Hm. But I see another problem with all those one and two letter words. Also what the hell is that "zz", words shouldn't be able to start with two consonants. Let's make it so that the word generator throws out any word less than 3 characters, doesn't repeat first letters, and checks to make sure that we always start with vowel-consonant or consonant-vowel.
While we're at it, let's also do some probability analysis on length of word. For some reason i can't break my code again to where I was last night, but basically I would often end up with words like "lentembeadectivemall". So anyway, when the word generation starts, pick a word length according to that distribution. If the generator starts exceeding that length, try to stop (letters know the probability that they are a terminator for a word because they are followed by a space or punctutation, so if any of that's present in the output list, just stop)

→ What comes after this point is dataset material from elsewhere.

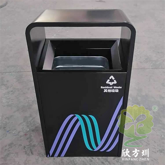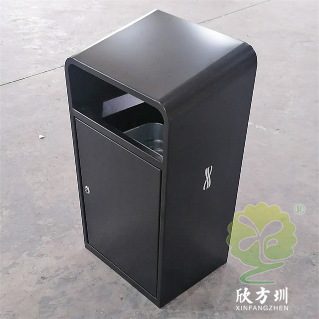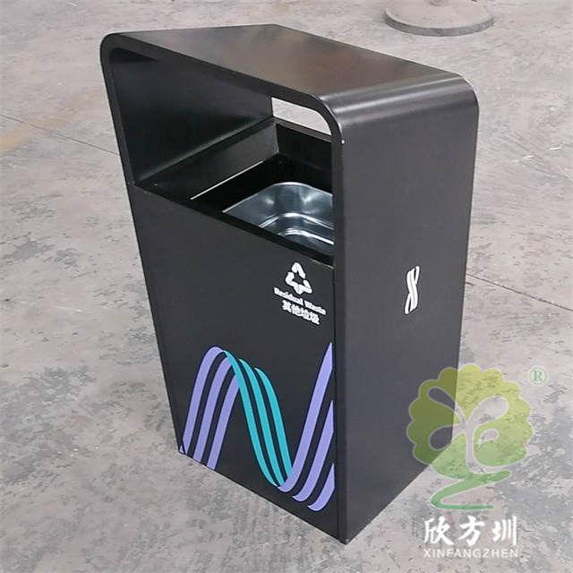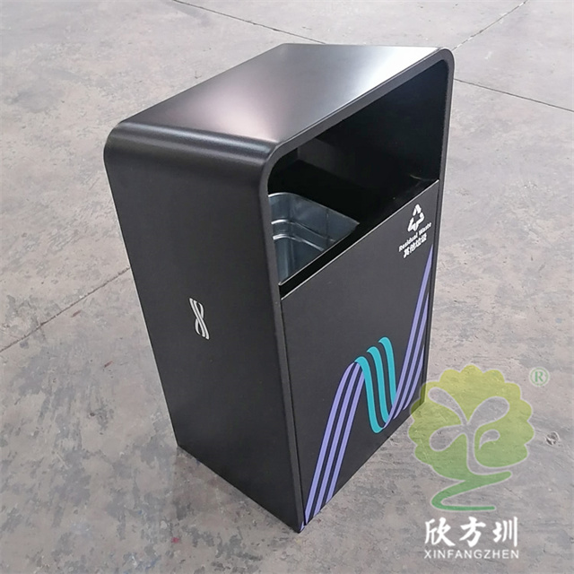 戶外廣場加厚不銹鋼垃圾桶果皮箱這款外筒201不銹鋼 1.5mm 厚度生產(chǎn),桶身整體黑色噴塑烤漆,絲印企業(yè)logo和分類標(biāo)識,UV打印彩色圖案,方形單筒頂部坡面前高后低設(shè)計,背面可以使用三角鑰匙取出內(nèi)置的內(nèi)筒,可以根據(jù)客戶要求定做。

feetwis, migout, mity, cuse, quar, igai, hist, obit, kess, lood, sives, axand, zons, turn, migh, pents, jesen, gici, bighlenerly, peed, pand, hatio, reachin, aceig, vith
These might actually be pronounceable, more or less.

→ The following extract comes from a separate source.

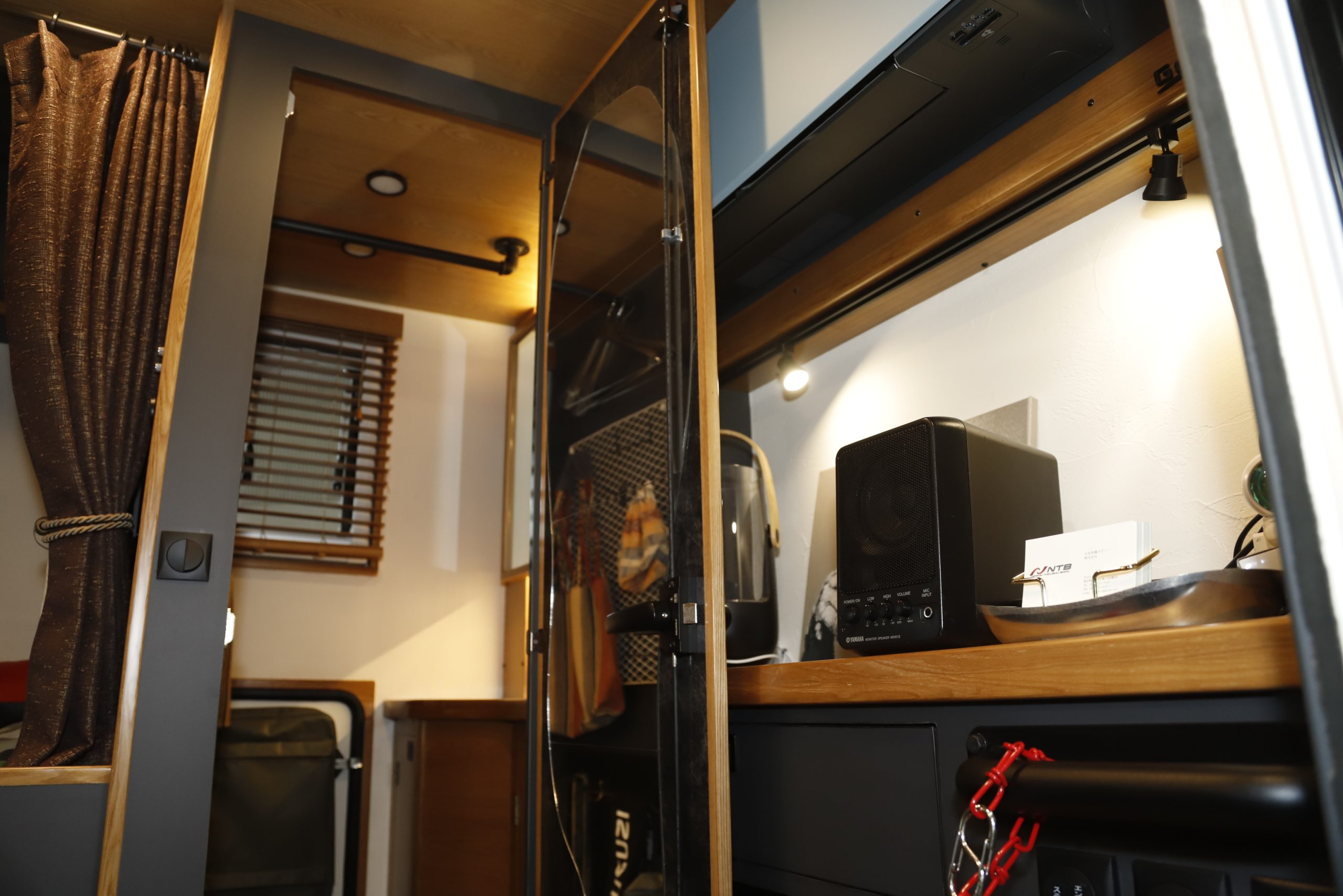 荷室側面のウィング式トビラを開くと、内部にはダウンヒルバイクのガレージをイメージしたレイアウトが登場。木目調のインテリアと、荷物の固定や棚やフックの据え付けも可能な多目的仕様となっており「バイクを運ぶだけでなく、ガレージそのものを運ぶ」という新しい提案であると解説しました。

And that's pretty much where I am right now. Some other training sets used:
A short list of names from Game of Thrones that I manually listed out:
tarah, darys, dary, ater, oraned, margandor, aratheon, ark, heont, heon, enjenje, jory, enjeor, ery, enlyn, dor, bargary, ely, mard, rah, arger, arys, ark, sandor, do
A list of female names that I got from the internet:
ura, zorenvia, isse, lortrudita, aline, erlyndrubr, osteie, didali, mely, essi, hine, lerine, beta, eli, uldannell, kaynna, maly, ine, ellie, oldi, udi, renne, onidorele, ollorte, kassan
Female names with a 4th order Markov chain:
justa, ena, hannalia, nina, ondio, menicia, berriah, lie, olloita, ude, nista, etty, doria, ildet, nie, dynn, elliw, lottice, argarisabb, arlenni, armalle, izella, arbie, ace, karlate
5th order:
hila, nalee, hellalfre, nella, odele, erebelce, railym, ana, colian, ine, ulcinil, maroby, mary, anora, errannicqu, lia, lann, gara, helen, anci, ulinie, malettacy, ennistom, elbardy, aria
Portuguese texts:
porm, udoi, idad, est, lialinentes, riunt, tout, zara, guasguniva, pos, ivoc, ide, nist, depe, hame, wint, pet, yme, nuth, utra, kus, com, ecria, worar, harconio
The book of Genesis:
andi, nut, cit, uman, omme, pad, ber, kast, wand, varamie, ist, iches, dem, puut, kit, tag, ter, kom, ren, ine, lifund, nigh, jaask, lach, ypt
And to make myself feel 100% accurate, a corpus of 50,000 words from the lorem ipsum:
que, elis, harcu, cin, quisque, esus, laculi, illestius, nisit, vini, hicilis, ges, fus, isis, dolor, piestae, narem, odis, isci, aliscel, rabi, erra, tiendimi, vel, gue
The next step is to continue finding various constraints that I can place on words so I know when to throw one out and when one looks good enough. Maybe do another round of machine learning where I pick the best names/words of the bunch to further train the machine. Also I want to see what happens when you do analysis on the probability that two letters follow two other letters, then combine that with the single letter set.